The second great play adventure would have to be flying in a helicopter (a first!) over the gorge. (I thought the gorge was one gorge and then I was told there were 13 gorges. I found out it was one very long gorge broken into pieces by rocks in the middle so you would get to the end of one gorge and then stop and walk over the rocks, but I digress). The flying adventure in the helicopter was very adrenaline-pumping. I've never flown just straight up and we were warned to stay well away from the open doors as anything that got near the wind would grab, for example, our phones, and throw them into the tail and break the helicopter, so we would all die! A bit unnerving, but absolutely delightful to follow the gorge from beginning to end, and then set down on a hill and have champagne and nibblies and return to the helicopter garage.

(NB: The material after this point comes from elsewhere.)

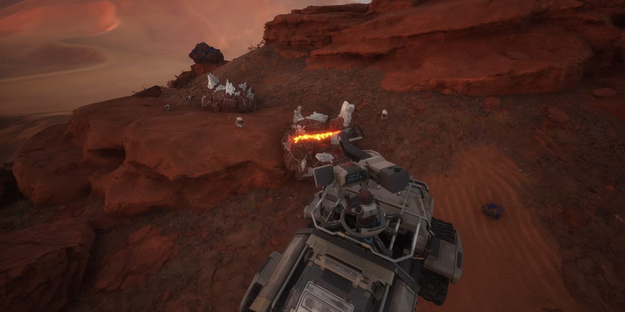 Carbon Ore tends to appear in a belt surrounding the southern cliffs near the open dunes, so circle the perimeter and watch carefully for white chunks protruding from rocks.
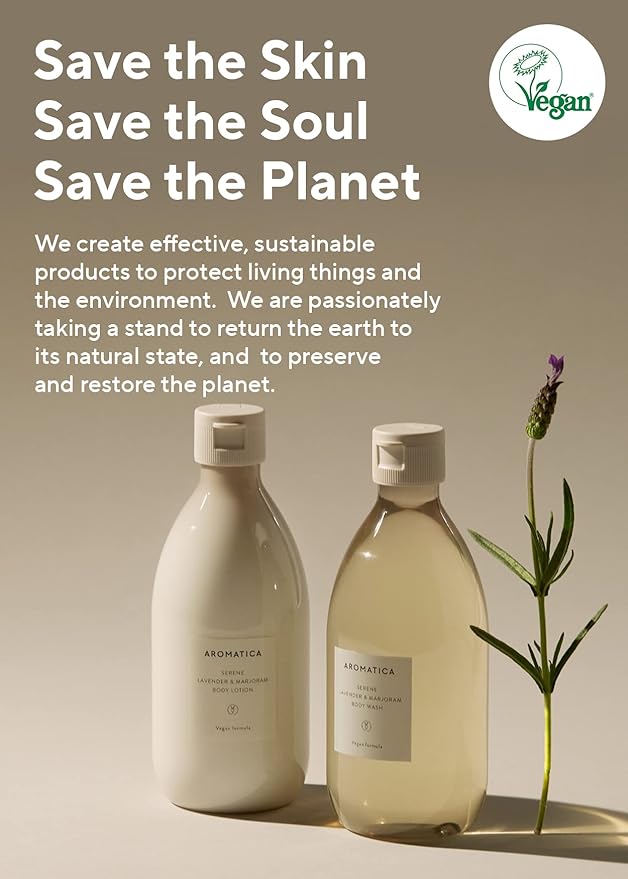 AROMATICA Serene Body Lotion Lavender & Marjoram, Vegan | Soothing Body Moisturizer | Light Relaxing Scent | for Normal to Dry Skin | with Shea Butter (10.14oz / 300ml)

The third play adventure was traversing the gorge by boat. This adventure consisted of driving out to the gorge (about half an hour away from the town of Katherine) and getting into position waiting, getting onto the boat with many other tourists, and then slowly going up the gorge until you got to the end of the first gorge; a pile of rocks! Our guides tied up the boat and you clamoured over the rocks to a long walking trail, past some wonderful paintings on a huge rock wall. We came to the second gorge, which has its own boat and you jump down to that boat and cruise to the end of the second gorge. You could actually swim in this gorge, if brave, because it was locked with the rocks at both ends and the saltwater crocodiles were less likely to get in. During the wet season, the water is so high all the gorges are one and connected to other bodies of water so the Saltwater crocs easily get into the gorges! No swimming then!!
Very easily a great adventure! I may even go back for more.